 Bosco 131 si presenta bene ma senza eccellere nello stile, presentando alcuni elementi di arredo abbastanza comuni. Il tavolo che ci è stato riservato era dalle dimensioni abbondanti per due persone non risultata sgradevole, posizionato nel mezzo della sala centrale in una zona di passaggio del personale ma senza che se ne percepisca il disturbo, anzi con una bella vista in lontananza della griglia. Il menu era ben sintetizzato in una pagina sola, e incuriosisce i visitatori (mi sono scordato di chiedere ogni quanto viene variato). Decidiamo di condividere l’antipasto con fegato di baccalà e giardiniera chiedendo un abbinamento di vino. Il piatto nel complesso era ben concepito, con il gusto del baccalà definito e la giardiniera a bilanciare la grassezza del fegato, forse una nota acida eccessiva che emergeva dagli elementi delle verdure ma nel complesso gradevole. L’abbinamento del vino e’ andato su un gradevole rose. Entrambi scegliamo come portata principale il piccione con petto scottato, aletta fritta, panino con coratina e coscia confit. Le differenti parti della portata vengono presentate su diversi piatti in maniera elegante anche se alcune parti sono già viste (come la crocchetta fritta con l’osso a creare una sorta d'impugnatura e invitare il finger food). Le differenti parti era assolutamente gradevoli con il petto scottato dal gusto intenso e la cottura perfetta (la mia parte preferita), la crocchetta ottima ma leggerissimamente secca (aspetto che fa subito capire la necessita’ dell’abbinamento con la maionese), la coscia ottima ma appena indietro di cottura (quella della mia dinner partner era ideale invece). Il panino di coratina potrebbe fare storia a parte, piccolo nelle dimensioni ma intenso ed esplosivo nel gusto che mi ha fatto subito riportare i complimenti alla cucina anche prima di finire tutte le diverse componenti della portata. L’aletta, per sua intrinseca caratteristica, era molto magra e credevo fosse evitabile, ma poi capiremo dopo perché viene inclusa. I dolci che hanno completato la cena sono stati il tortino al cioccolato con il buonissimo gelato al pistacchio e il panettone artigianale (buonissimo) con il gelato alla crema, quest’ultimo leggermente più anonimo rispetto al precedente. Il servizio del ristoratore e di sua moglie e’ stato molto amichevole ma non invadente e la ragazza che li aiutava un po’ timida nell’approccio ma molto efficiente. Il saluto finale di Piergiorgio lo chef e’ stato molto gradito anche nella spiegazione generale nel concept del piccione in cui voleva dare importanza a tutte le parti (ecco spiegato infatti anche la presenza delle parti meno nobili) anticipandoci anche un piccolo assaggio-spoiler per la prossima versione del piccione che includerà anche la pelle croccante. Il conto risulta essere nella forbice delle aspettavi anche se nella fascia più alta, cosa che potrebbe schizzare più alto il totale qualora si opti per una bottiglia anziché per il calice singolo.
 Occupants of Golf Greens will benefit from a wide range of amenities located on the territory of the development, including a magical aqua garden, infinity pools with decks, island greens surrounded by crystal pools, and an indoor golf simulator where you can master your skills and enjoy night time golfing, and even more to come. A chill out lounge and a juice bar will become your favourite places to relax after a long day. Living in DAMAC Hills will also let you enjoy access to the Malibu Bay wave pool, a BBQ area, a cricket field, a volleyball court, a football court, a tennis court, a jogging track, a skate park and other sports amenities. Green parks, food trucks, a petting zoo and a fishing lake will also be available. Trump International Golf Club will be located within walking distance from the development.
==*==
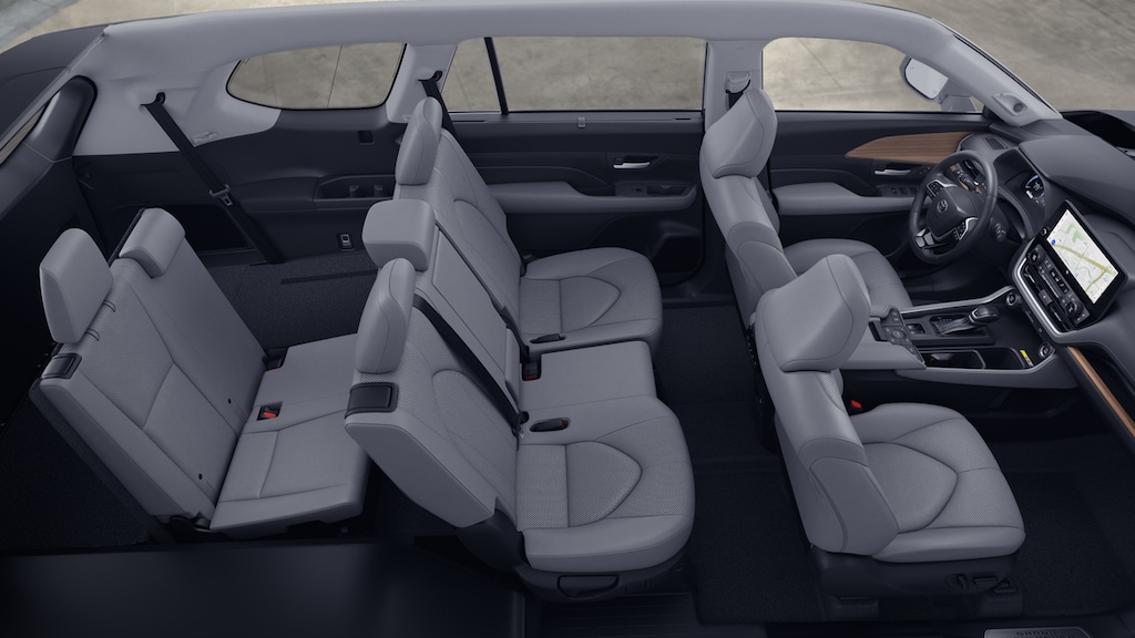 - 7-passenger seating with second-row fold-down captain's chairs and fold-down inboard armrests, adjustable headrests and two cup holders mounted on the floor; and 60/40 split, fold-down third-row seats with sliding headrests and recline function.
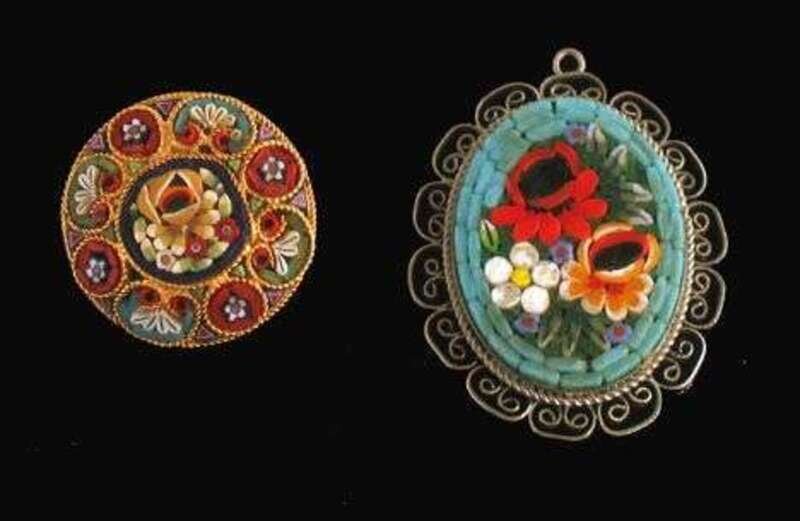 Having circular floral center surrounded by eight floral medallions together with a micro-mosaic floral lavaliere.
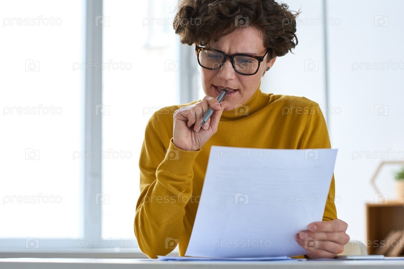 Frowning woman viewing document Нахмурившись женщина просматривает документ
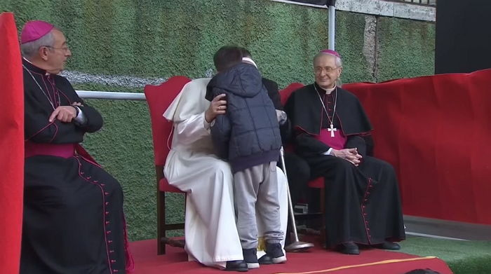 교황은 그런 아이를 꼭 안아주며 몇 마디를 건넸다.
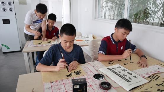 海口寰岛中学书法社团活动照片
==*==
## Exercise
Set down, exactly as written above, each line from the one with "- 7-passenger seating" through the one with "海口寰岛中学书法社团活动照片", and skip the pictures.

## Problem solution
 - 7-passenger seating with second-row fold-down captain's chairs and fold-down inboard armrests, adjustable headrests and two cup holders mounted on the floor; and 60/40 split, fold-down third-row seats with sliding headrests and recline function.
 Having circular floral center surrounded by eight floral medallions together with a micro-mosaic floral lavaliere.
 Frowning woman viewing document Нахмурившись женщина просматривает документ
 교황은 그런 아이를 꼭 안아주며 몇 마디를 건넸다.
 海口寰岛中学书法社团活动照片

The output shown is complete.